Я – помнил, и мы завели согласным дуэтом:
Болезнь нам тихое дает уединенье,
И я ее сравню с усталым челноком,
Который спит в воде без ветра, без движенья,
Привязан к берегу веревкою с кольцом.
Все лето он скользил по возмущенной влаге…
– Не правда ли, хорошо, голубчик?
…Под песни шумные лазурный свод дробя.
Потешные огни да праздничные флаги,
Вот все, что каждый день он видел вкруг себя.
Настал октябрь; теперь челнок с молчаньем дружен,
Теперь вокруг него синеет небосклон.
Свободен стал челнок: он никому не нужен!
И, всей земле чужой, он небом окружен!
Правда, в отличие от бельгийца, удовлетворяться этим сознанием Маршак никак не соглашался.
В воспоминаниях Владимира Лакшина есть эпизод: к нему, начальствовавшему над отделом «Литературной газеты», подхожу я, тогда его подчиненный, и заявляю, отнюдь не испрашивая позволения: «Я уезжаю из редакции. Меня вызвал Маршак». А наутро: «Ну что, привез что-нибудь для газеты?» – «Нет, но Самуил Яковлевич читал мне свою пьесу, и мы так хорошо поговорили».
Так и было. Вызывал – Берестова, Коржавина, Чухон- цева, потом и самого Лакшина; мог вызвать аж Твардовского. Тот однажды не выдержал:
– Послушай, Самуил Яковлевич, я ведь в некотором смысле тоже Маршак.
– Я не желаю с тобой разговаривать! – швырнул тот в обиде и ярости трубку, и Твардовский, почертыхавшись, бросил свои новомировские дела, поехал мириться.
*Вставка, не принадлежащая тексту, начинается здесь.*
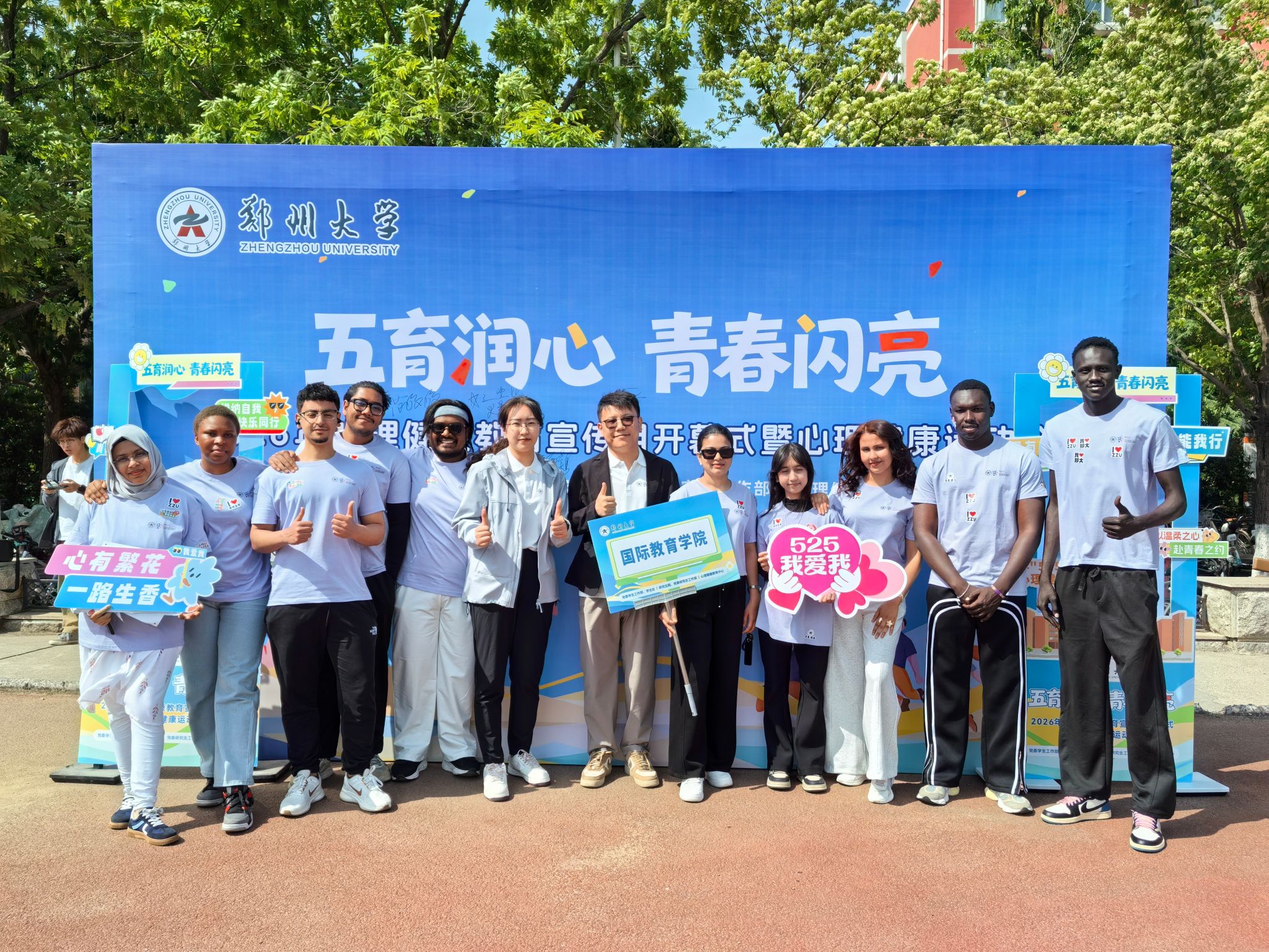 五育润心,青春逐光!4月24日下午,郑州大学2026年“5·25”心理健康教育宣传月开幕式在主校区南操场隆重举行。校党委常委、副校长王海杰出席开幕式,校学生处副处长、心理健康教育中心主任刘慧瀛主持开幕式。我院党总支副书记程果、辅导员及国际学生代表参加了此次活动。

Не жалею, пожалуй, что ленился записывать четырехчасовые – без преувеличения – маршаковские монологи, укачивавшие меня до полуобморока; да и он уставал, спадал с лица, если было с чего спадать при его истощенности, я помогал ему лечь на диван, укрывал пледом, и он говорил, говорил, выговаривался. Не жалею; по крайней мере, не слишком: на бумаге все это обескровилось бы. (Единственное исключение – пространное интервью, оказавшееся для него последним; я взял его по просьбе «Вопросов литературы».) Чего слегка стыжусь, так это – что, живя своей молодой жизнью, случалось, воровски скрывался от Маршака, пользовался тем, что не имел тогда домашнего телефона, пока он не присылал телеграмму с требованием явиться пред его очи. Прислал и в местечко с именем, ныне столь громким, Форос, куда мы с женой забрались провести отпуск (отчетливо помню бланк с текстом, переписанным рукой местной телеграфистки и украшенным чудовищными орфографиическими ошибками), и я поехал через весь Крым, к нему в Ялту.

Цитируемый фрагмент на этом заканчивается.